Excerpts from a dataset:
--

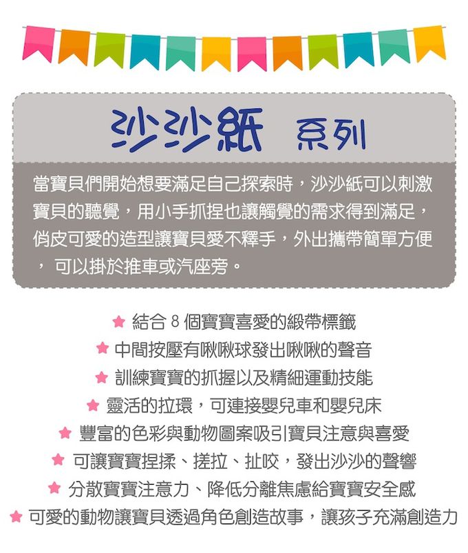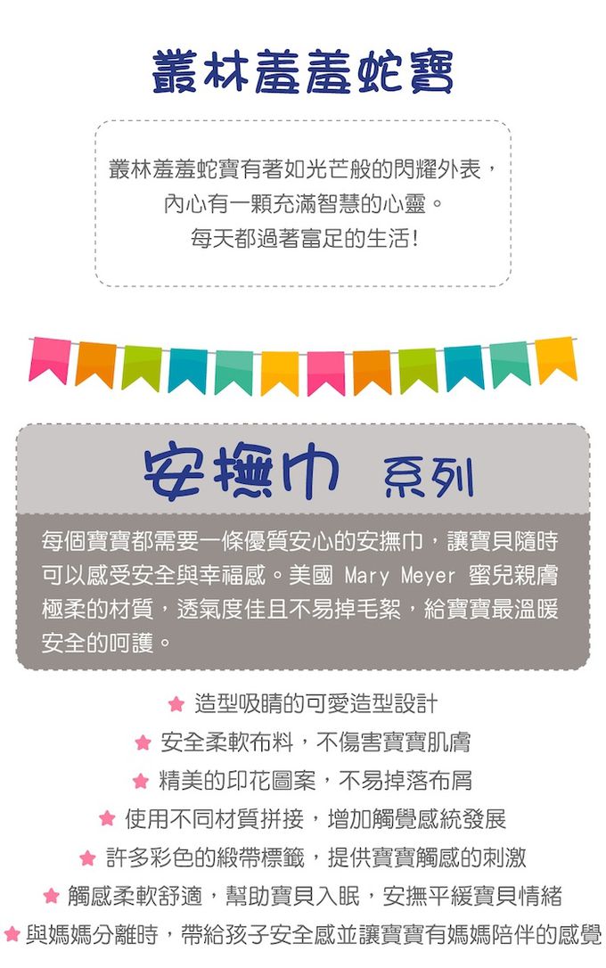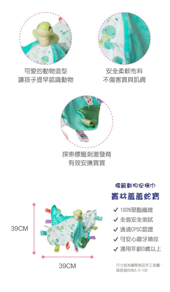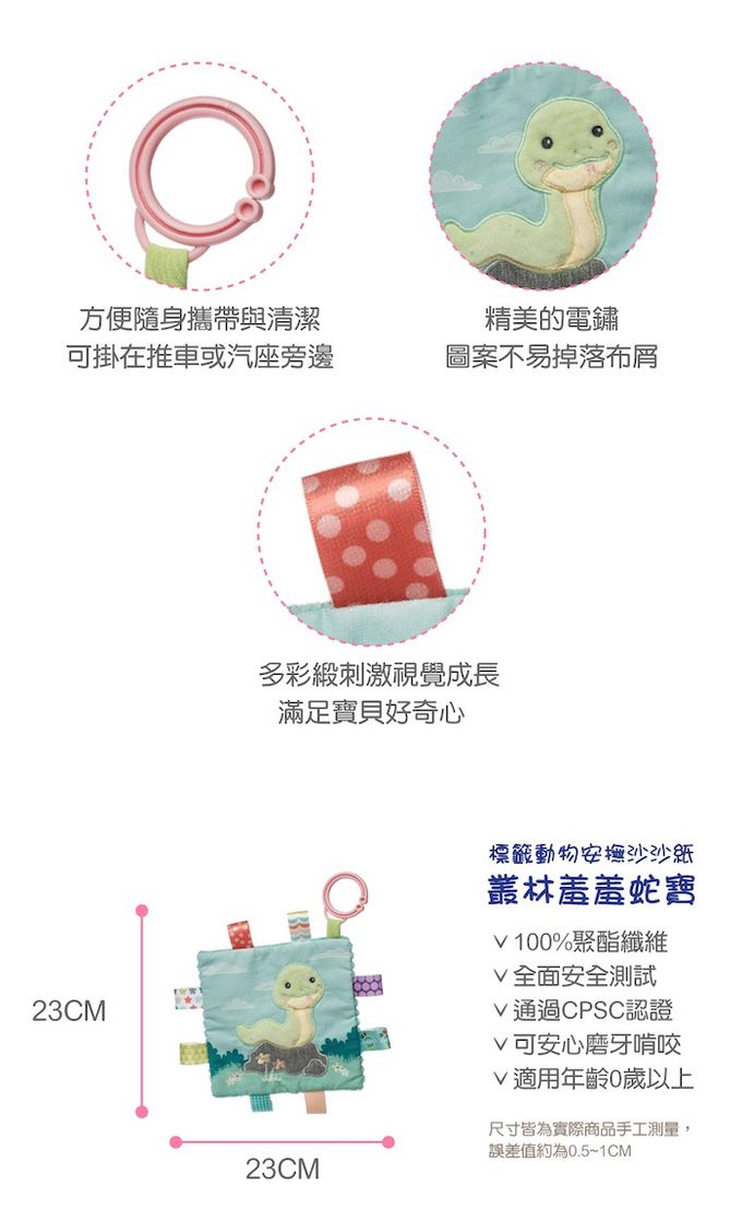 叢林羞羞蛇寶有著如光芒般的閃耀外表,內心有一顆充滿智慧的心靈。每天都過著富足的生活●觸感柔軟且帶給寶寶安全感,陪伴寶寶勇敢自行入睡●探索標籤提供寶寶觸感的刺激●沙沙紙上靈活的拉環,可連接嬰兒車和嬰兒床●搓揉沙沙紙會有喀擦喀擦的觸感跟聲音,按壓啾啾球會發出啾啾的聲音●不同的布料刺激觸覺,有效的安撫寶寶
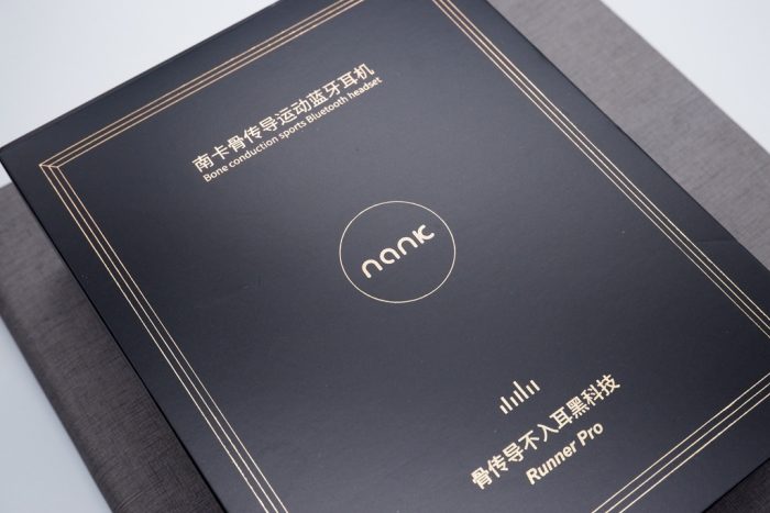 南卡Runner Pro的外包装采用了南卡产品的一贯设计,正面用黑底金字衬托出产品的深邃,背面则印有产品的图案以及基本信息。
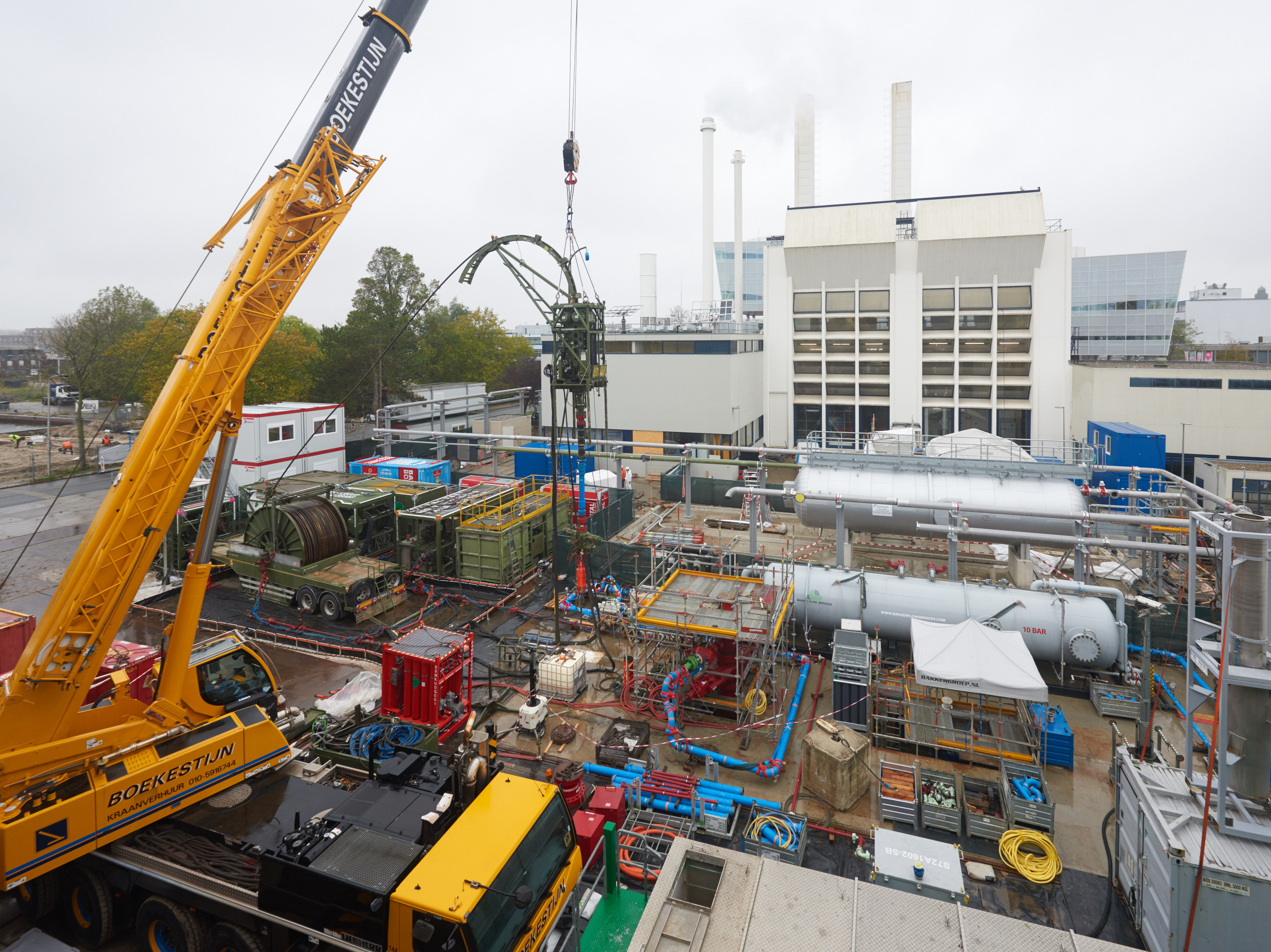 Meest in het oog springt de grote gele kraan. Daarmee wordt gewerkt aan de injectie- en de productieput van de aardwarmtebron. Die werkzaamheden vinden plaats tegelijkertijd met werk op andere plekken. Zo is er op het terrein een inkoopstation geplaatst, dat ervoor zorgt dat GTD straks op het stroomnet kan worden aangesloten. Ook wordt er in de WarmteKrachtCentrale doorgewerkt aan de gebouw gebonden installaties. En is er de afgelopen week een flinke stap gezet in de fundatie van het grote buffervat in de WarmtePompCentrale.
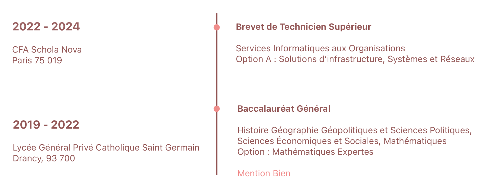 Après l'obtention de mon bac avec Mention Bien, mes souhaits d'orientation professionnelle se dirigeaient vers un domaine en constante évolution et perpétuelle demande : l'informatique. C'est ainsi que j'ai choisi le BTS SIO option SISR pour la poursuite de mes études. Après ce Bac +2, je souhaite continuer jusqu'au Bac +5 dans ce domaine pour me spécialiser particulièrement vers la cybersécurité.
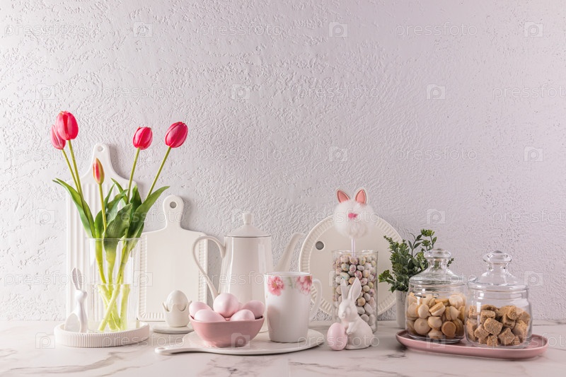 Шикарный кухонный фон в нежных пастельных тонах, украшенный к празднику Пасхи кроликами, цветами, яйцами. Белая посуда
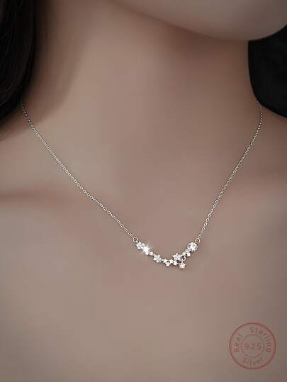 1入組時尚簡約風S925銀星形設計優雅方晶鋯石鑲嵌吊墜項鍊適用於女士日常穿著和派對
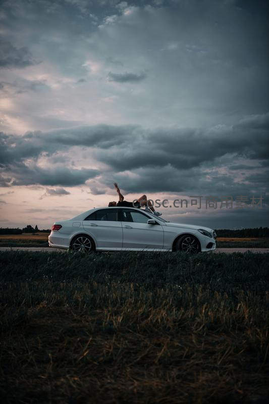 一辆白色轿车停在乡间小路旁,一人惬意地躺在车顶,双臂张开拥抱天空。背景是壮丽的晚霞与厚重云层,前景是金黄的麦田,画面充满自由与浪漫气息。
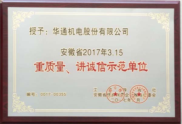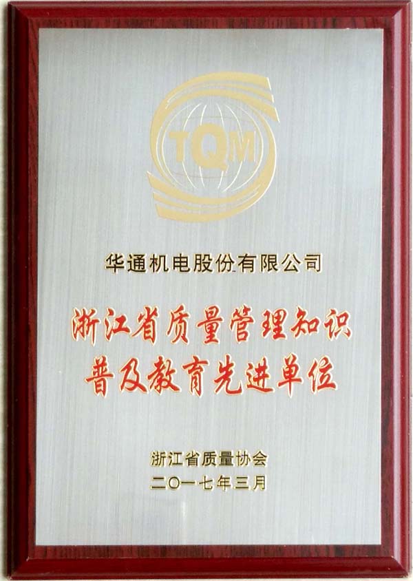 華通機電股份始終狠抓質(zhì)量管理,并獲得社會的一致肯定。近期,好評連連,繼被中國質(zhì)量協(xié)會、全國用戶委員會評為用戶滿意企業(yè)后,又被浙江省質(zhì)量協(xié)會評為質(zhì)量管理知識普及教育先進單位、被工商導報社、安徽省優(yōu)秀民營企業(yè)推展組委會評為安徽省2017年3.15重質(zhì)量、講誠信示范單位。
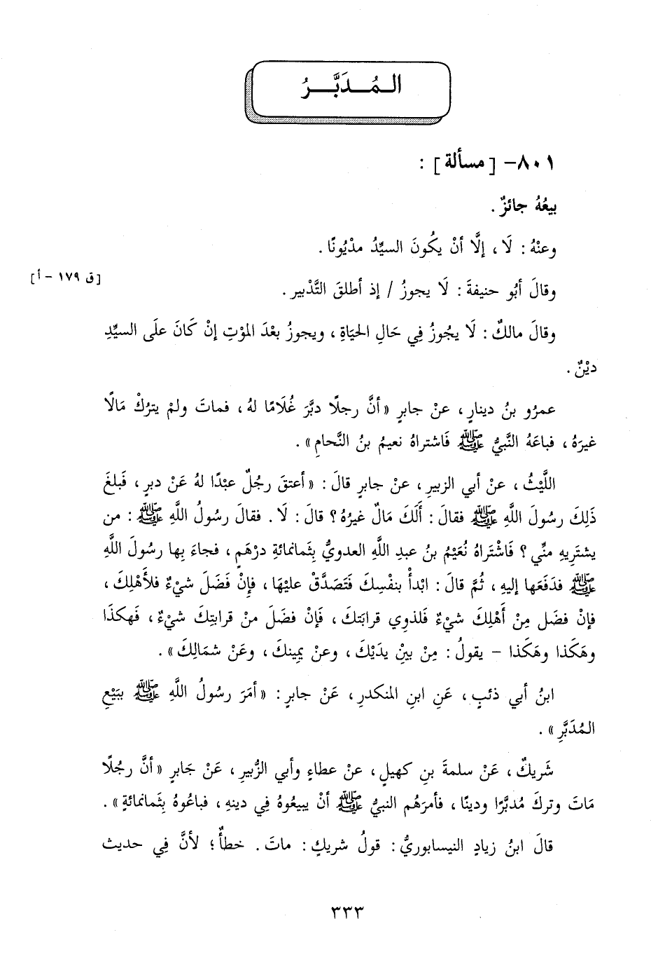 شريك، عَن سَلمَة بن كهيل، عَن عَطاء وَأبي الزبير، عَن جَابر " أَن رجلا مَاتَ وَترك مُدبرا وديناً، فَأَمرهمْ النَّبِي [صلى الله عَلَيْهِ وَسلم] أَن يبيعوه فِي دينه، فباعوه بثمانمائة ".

--

Return every record exactly. Pictures stay out.

 叢林羞羞蛇寶有著如光芒般的閃耀外表,內心有一顆充滿智慧的心靈。每天都過著富足的生活●觸感柔軟且帶給寶寶安全感,陪伴寶寶勇敢自行入睡●探索標籤提供寶寶觸感的刺激●沙沙紙上靈活的拉環,可連接嬰兒車和嬰兒床●搓揉沙沙紙會有喀擦喀擦的觸感跟聲音,按壓啾啾球會發出啾啾的聲音●不同的布料刺激觸覺,有效的安撫寶寶
 南卡Runner Pro的外包装采用了南卡产品的一贯设计,正面用黑底金字衬托出产品的深邃,背面则印有产品的图案以及基本信息。
 Meest in het oog springt de grote gele kraan. Daarmee wordt gewerkt aan de injectie- en de productieput van de aardwarmtebron. Die werkzaamheden vinden plaats tegelijkertijd met werk op andere plekken. Zo is er op het terrein een inkoopstation geplaatst, dat ervoor zorgt dat GTD straks op het stroomnet kan worden aangesloten. Ook wordt er in de WarmteKrachtCentrale doorgewerkt aan de gebouw gebonden installaties. En is er de afgelopen week een flinke stap gezet in de fundatie van het grote buffervat in de WarmtePompCentrale.
 Après l'obtention de mon bac avec Mention Bien, mes souhaits d'orientation professionnelle se dirigeaient vers un domaine en constante évolution et perpétuelle demande : l'informatique. C'est ainsi que j'ai choisi le BTS SIO option SISR pour la poursuite de mes études. Après ce Bac +2, je souhaite continuer jusqu'au Bac +5 dans ce domaine pour me spécialiser particulièrement vers la cybersécurité.
 Шикарный кухонный фон в нежных пастельных тонах, украшенный к празднику Пасхи кроликами, цветами, яйцами. Белая посуда
 1入組時尚簡約風S925銀星形設計優雅方晶鋯石鑲嵌吊墜項鍊適用於女士日常穿著和派對
 一辆白色轿车停在乡间小路旁,一人惬意地躺在车顶,双臂张开拥抱天空。背景是壮丽的晚霞与厚重云层,前景是金黄的麦田,画面充满自由与浪漫气息。
 華通機電股份始終狠抓質(zhì)量管理,并獲得社會的一致肯定。近期,好評連連,繼被中國質(zhì)量協(xié)會、全國用戶委員會評為用戶滿意企業(yè)后,又被浙江省質(zhì)量協(xié)會評為質(zhì)量管理知識普及教育先進單位、被工商導報社、安徽省優(yōu)秀民營企業(yè)推展組委會評為安徽省2017年3.15重質(zhì)量、講誠信示范單位。
 شريك، عَن سَلمَة بن كهيل، عَن عَطاء وَأبي الزبير، عَن جَابر " أَن رجلا مَاتَ وَترك مُدبرا وديناً، فَأَمرهمْ النَّبِي [صلى الله عَلَيْهِ وَسلم] أَن يبيعوه فِي دينه، فباعوه بثمانمائة ".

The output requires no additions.